Your answer must be only the lines below from the one containing "Autorem projektu pałacu" through the one containing "本校における今週(4月21日", copied exactly, with the pictures left out.

#### Material for the task
○ ○ ○
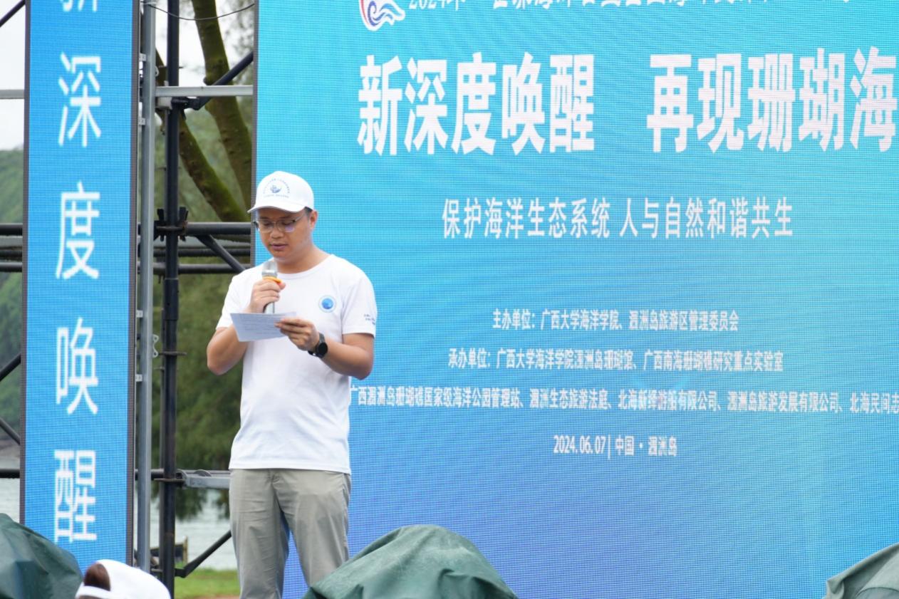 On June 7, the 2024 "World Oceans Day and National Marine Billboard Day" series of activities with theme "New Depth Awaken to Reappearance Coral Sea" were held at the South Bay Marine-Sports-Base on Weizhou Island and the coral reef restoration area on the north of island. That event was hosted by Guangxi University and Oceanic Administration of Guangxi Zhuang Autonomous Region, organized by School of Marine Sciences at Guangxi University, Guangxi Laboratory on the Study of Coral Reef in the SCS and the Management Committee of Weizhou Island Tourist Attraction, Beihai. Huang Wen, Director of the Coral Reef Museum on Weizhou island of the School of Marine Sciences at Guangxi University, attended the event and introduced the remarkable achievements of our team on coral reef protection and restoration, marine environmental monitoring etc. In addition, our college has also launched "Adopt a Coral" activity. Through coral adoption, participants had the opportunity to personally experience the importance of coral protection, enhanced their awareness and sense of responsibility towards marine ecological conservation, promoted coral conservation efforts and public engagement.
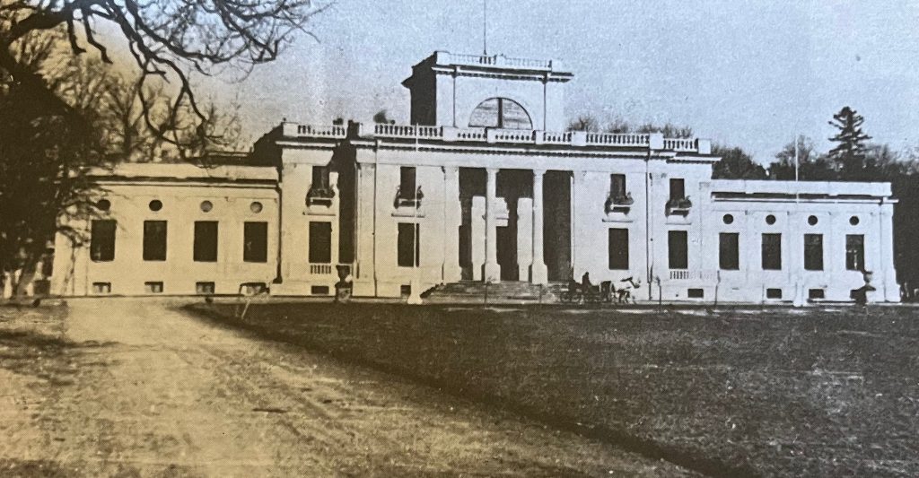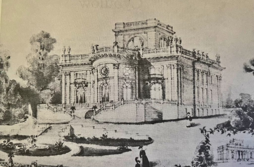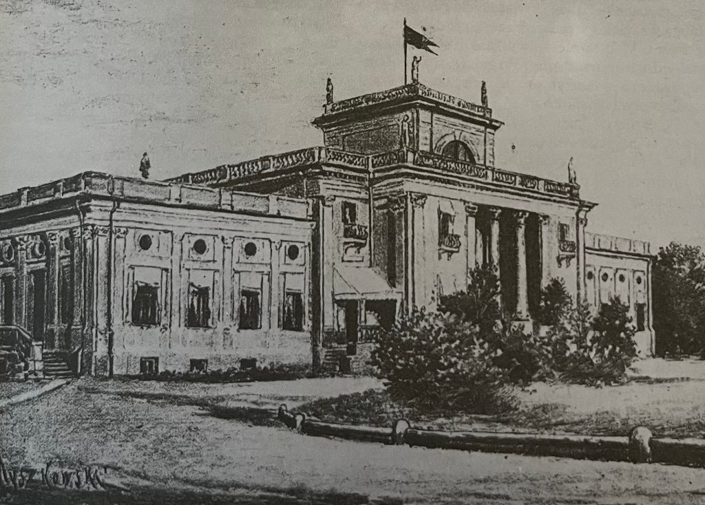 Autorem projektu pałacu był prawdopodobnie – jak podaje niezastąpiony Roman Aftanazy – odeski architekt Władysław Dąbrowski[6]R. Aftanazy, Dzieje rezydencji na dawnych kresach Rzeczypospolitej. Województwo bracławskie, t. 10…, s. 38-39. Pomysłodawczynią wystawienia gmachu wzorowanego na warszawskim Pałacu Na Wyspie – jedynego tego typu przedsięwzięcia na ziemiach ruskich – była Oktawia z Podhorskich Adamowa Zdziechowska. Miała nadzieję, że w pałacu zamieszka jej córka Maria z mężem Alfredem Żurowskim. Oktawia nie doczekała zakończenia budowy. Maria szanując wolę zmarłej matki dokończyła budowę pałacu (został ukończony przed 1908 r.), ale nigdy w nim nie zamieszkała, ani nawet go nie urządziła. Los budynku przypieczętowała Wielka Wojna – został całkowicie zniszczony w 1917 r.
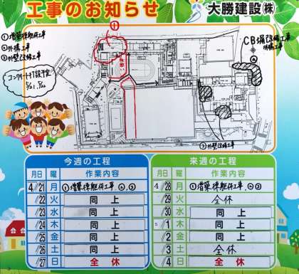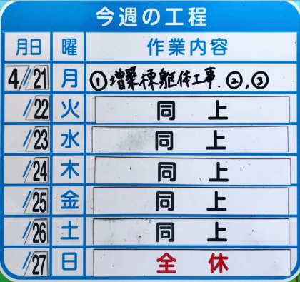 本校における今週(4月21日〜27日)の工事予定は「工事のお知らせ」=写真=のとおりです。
○ ○ ○
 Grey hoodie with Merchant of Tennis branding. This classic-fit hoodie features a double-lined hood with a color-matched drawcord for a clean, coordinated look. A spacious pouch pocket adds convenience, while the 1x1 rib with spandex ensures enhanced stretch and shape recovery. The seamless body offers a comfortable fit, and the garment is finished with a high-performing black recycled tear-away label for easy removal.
○ ○ ○
#### Task result
 Autorem projektu pałacu był prawdopodobnie – jak podaje niezastąpiony Roman Aftanazy – odeski architekt Władysław Dąbrowski[6]R. Aftanazy, Dzieje rezydencji na dawnych kresach Rzeczypospolitej. Województwo bracławskie, t. 10…, s. 38-39. Pomysłodawczynią wystawienia gmachu wzorowanego na warszawskim Pałacu Na Wyspie – jedynego tego typu przedsięwzięcia na ziemiach ruskich – była Oktawia z Podhorskich Adamowa Zdziechowska. Miała nadzieję, że w pałacu zamieszka jej córka Maria z mężem Alfredem Żurowskim. Oktawia nie doczekała zakończenia budowy. Maria szanując wolę zmarłej matki dokończyła budowę pałacu (został ukończony przed 1908 r.), ale nigdy w nim nie zamieszkała, ani nawet go nie urządziła. Los budynku przypieczętowała Wielka Wojna – został całkowicie zniszczony w 1917 r.
 本校における今週(4月21日〜27日)の工事予定は「工事のお知らせ」=写真=のとおりです。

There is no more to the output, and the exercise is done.